Короткий опис (реферат):
The purpose of the article is to clarify and differentiate the concepts of rule-making and law making, as well as to rethink their relationship with related categories.
It is concluded that the our legal doctrine completely blurs the boundaries of the concepts of «rule making» and «formation of law». The content of the category «law-making», on the other hand, is
quite well-established, but this term is often unreasonably replaced by the term «rule-making».
It is established that rulemaking is a broad category that goes far beyond the formation of law,
because it covers the emergence of all social norms that regulate behavior in society: moral,
corporate, customary, religious, traditional, etc. The formation of law should be discussed only
when actual, non-legal in nature, social regulators begin to «grow» from society to the official level.
That is, the formation of law covers the following stages: 1) the emergence of certain relations in
society that require regulation, and their scaling; 2) the emergence of actual regulators of these
relations of a non-legal nature; 3) awareness by the lawmaker of the need to streamline public
relations with the help of legal prescriptions (through the analysis of statistical indicators, expert
assessments, surveys, etc.); 4) law-making, as the final, official stage of law formation.
It is found out that rule-making coincides in scope with the formation of law (legal formation)
only in cases when it comes to the creation of legal norms. Meanwhile, law-making does not
coincide with law-making in terms of volume at all. It is a much broader category in relation to
law-making. Just like all regulators of relations in society (social norms) are much larger in scope
than law, which is only one type of such regulator.
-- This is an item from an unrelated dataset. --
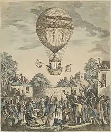 In May of the following year he took off near Moulsey Hurst, Surrey, accompanied by W. Wyndham MP, hoping to reach France, but in fact descending in the Thames Estuary, and thus failing to repeat the earlier exploit of Jean-Pierre Blanchard and his passenger.[4] Sadler made two further ascents in May 1785, the first of which was from a field behind a gentleman's garden on the site of what is now Balloon Street in Manchester. On this flight he was accompanied by a cat and landed in Radcliffe.[5] On his second ascent he travelled alone and, having risen to 13,000 feet (4,000 m), travelled 50 miles (80 km) before landing near Pontefract, West Yorkshire. On this occasion, he sustained bad injuries after being dragged for around two miles (3 km) by the balloon, which eventually threw him clear before taking off again empty.
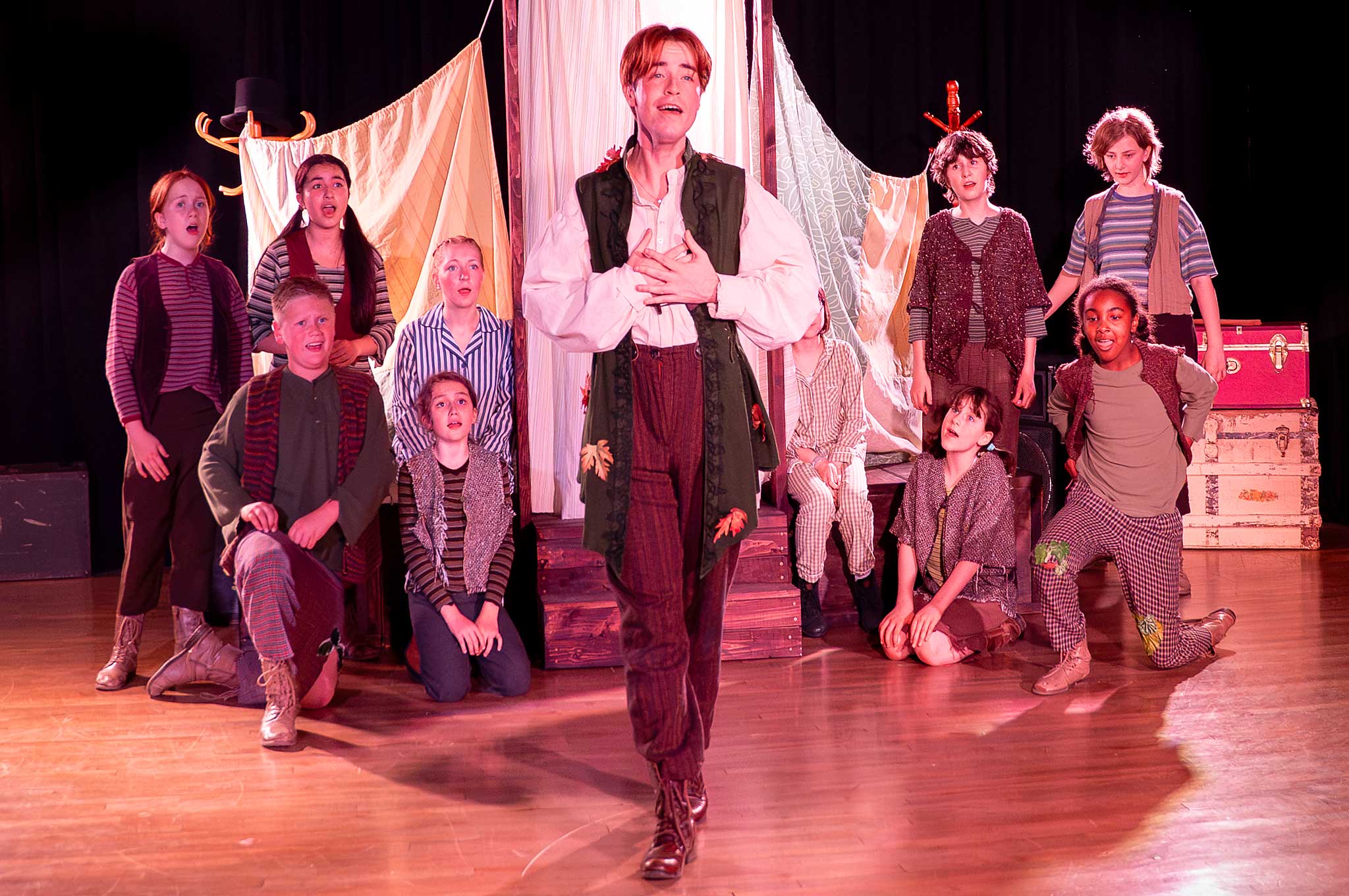 the Lost Boys at the Tigard Grange. The two-hour show, complete with a 15-minute intermission, featured impressive vocals and choreography while transporting 75 audience members to Neverland. Cheering, laughter, and applause from attendees were abundant at each show. Hunter Holt (Twality Middle School), cast as a Lost Boy, said, “My favorite part was how well all the adults and kids got along, it made the whole show really fun. We sang, danced, acted, worked with puppets, and even had someone come in to help with dialect. It was such a unique experience.”

It is considered that Law-making is one of the types of rule-making that is associated exclusively
with the adoption by the Parliament of laws as normative legal acts of the highest legal force.
It is noted that the processes of interpretation and implementation of legal norms are not
covered by either rulemaking or law-making, since they are included in the mechanism of legal
regulation when the legal norm is already available (that is, after the end of law-making).